Task directions ::
No image is to be carried over; reproduce the rest of the listing word for word.

Collected data ::
^^^^^^^^

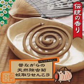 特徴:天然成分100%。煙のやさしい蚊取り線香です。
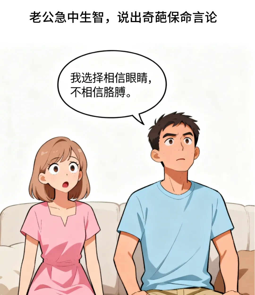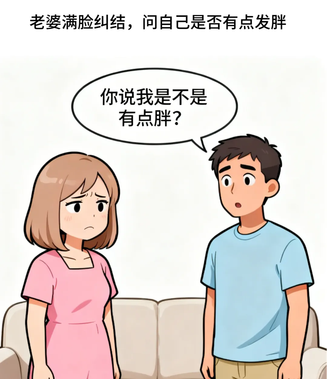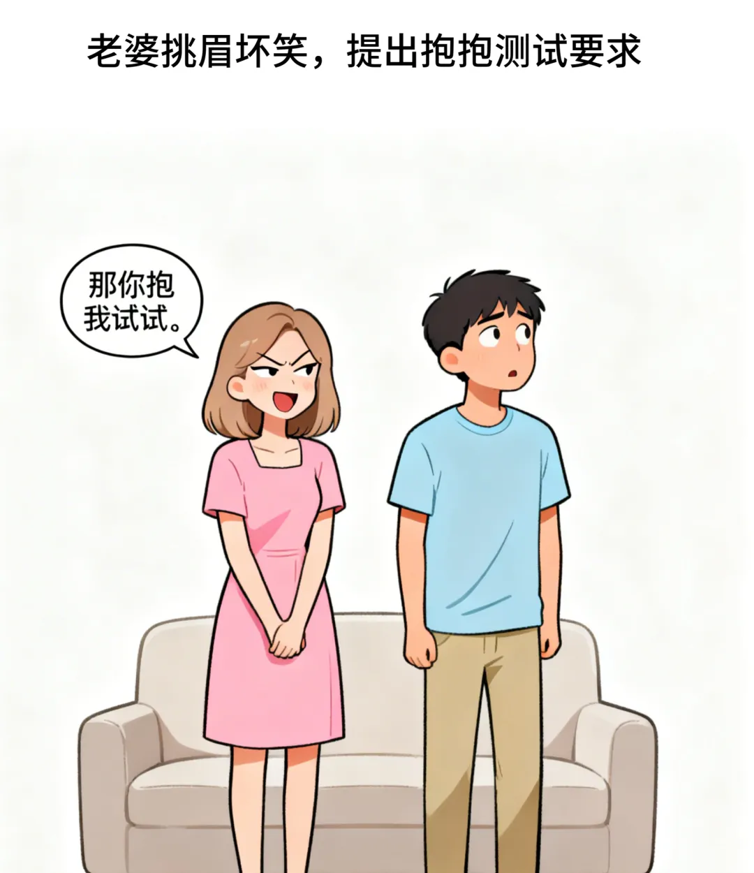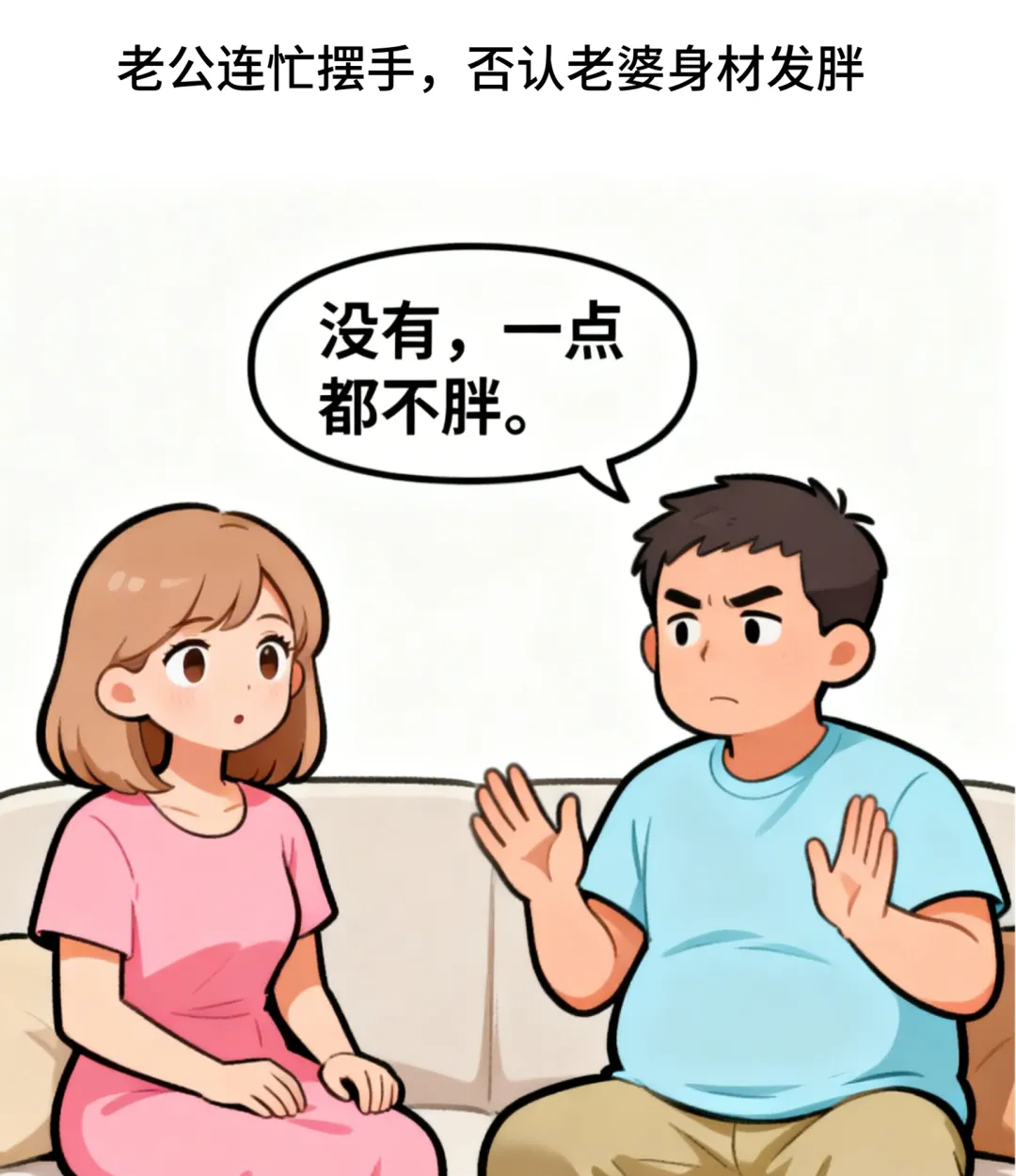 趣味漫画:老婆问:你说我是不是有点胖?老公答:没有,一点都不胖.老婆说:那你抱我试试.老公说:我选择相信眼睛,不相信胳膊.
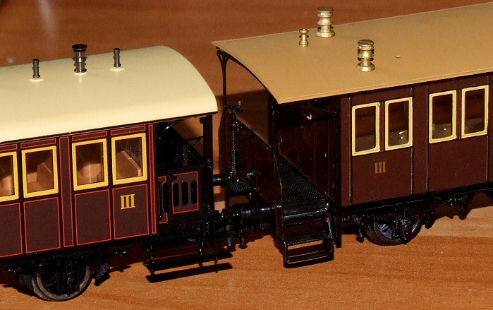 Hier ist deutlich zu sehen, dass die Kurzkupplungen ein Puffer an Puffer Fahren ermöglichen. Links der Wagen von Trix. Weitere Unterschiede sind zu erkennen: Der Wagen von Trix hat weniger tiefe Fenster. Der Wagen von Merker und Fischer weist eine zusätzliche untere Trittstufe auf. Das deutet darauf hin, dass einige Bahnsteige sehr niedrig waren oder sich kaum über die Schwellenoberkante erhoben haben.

^^^^^^^^

Task solution ::
 特徴:天然成分100%。煙のやさしい蚊取り線香です。
 趣味漫画:老婆问:你说我是不是有点胖?老公答:没有,一点都不胖.老婆说:那你抱我试试.老公说:我选择相信眼睛,不相信胳膊.
 Hier ist deutlich zu sehen, dass die Kurzkupplungen ein Puffer an Puffer Fahren ermöglichen. Links der Wagen von Trix. Weitere Unterschiede sind zu erkennen: Der Wagen von Trix hat weniger tiefe Fenster. Der Wagen von Merker und Fischer weist eine zusätzliche untere Trittstufe auf. Das deutet darauf hin, dass einige Bahnsteige sehr niedrig waren oder sich kaum über die Schwellenoberkante erhoben haben.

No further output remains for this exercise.